To do:
Everything in the data except the pictures belongs in your answer, copied exactly.

The data:
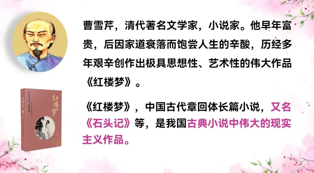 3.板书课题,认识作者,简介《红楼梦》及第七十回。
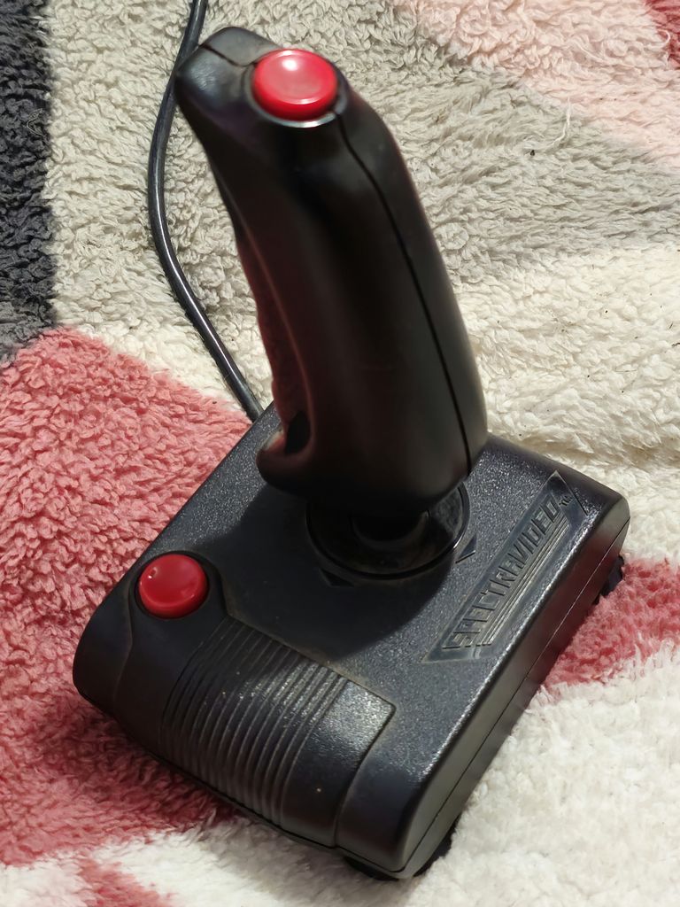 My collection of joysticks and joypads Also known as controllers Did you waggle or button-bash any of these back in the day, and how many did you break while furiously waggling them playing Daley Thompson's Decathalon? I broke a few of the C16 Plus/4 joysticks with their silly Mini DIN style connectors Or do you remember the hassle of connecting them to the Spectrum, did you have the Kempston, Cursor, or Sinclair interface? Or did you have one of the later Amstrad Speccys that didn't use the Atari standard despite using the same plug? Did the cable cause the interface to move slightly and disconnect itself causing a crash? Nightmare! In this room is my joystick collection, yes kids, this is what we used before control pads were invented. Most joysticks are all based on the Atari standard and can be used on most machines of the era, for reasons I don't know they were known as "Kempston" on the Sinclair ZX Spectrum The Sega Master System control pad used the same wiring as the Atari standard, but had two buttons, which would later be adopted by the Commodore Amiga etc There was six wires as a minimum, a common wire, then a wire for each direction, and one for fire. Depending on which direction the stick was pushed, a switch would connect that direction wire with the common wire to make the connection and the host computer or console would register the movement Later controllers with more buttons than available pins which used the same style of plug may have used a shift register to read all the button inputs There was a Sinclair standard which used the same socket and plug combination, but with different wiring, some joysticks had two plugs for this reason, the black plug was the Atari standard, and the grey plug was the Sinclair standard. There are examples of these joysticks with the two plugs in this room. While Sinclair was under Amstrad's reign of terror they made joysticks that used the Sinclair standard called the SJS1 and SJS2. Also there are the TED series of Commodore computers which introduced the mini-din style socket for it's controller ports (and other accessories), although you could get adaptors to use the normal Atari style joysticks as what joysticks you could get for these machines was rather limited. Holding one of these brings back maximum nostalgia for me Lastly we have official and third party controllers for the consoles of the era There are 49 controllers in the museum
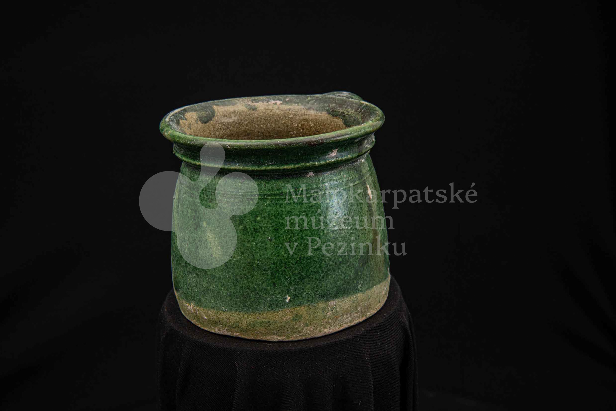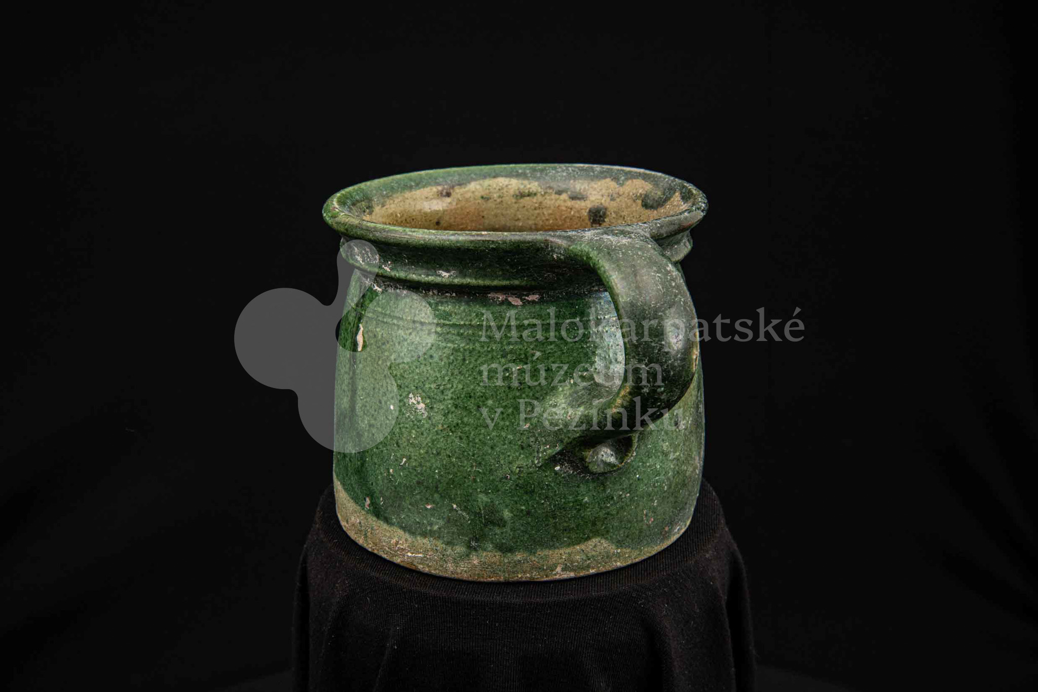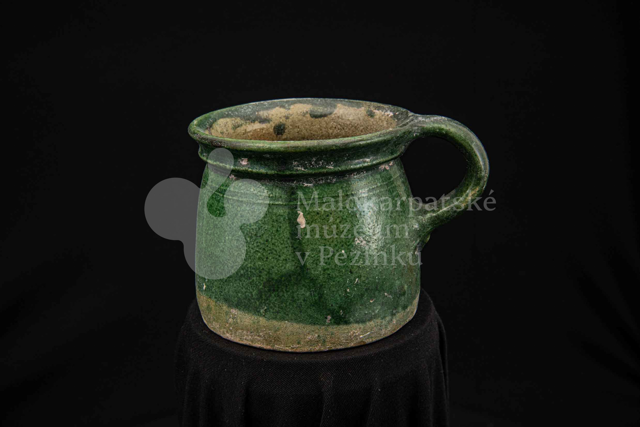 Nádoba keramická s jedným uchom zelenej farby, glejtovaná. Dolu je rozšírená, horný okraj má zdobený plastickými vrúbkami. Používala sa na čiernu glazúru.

Solution for this exercise:
 3.板书课题,认识作者,简介《红楼梦》及第七十回。
 My collection of joysticks and joypads Also known as controllers Did you waggle or button-bash any of these back in the day, and how many did you break while furiously waggling them playing Daley Thompson's Decathalon? I broke a few of the C16 Plus/4 joysticks with their silly Mini DIN style connectors Or do you remember the hassle of connecting them to the Spectrum, did you have the Kempston, Cursor, or Sinclair interface? Or did you have one of the later Amstrad Speccys that didn't use the Atari standard despite using the same plug? Did the cable cause the interface to move slightly and disconnect itself causing a crash? Nightmare! In this room is my joystick collection, yes kids, this is what we used before control pads were invented. Most joysticks are all based on the Atari standard and can be used on most machines of the era, for reasons I don't know they were known as "Kempston" on the Sinclair ZX Spectrum The Sega Master System control pad used the same wiring as the Atari standard, but had two buttons, which would later be adopted by the Commodore Amiga etc There was six wires as a minimum, a common wire, then a wire for each direction, and one for fire. Depending on which direction the stick was pushed, a switch would connect that direction wire with the common wire to make the connection and the host computer or console would register the movement Later controllers with more buttons than available pins which used the same style of plug may have used a shift register to read all the button inputs There was a Sinclair standard which used the same socket and plug combination, but with different wiring, some joysticks had two plugs for this reason, the black plug was the Atari standard, and the grey plug was the Sinclair standard. There are examples of these joysticks with the two plugs in this room. While Sinclair was under Amstrad's reign of terror they made joysticks that used the Sinclair standard called the SJS1 and SJS2. Also there are the TED series of Commodore computers which introduced the mini-din style socket for it's controller ports (and other accessories), although you could get adaptors to use the normal Atari style joysticks as what joysticks you could get for these machines was rather limited. Holding one of these brings back maximum nostalgia for me Lastly we have official and third party controllers for the consoles of the era There are 49 controllers in the museum
 Nádoba keramická s jedným uchom zelenej farby, glejtovaná. Dolu je rozšírená, horný okraj má zdobený plastickými vrúbkami. Používala sa na čiernu glazúru.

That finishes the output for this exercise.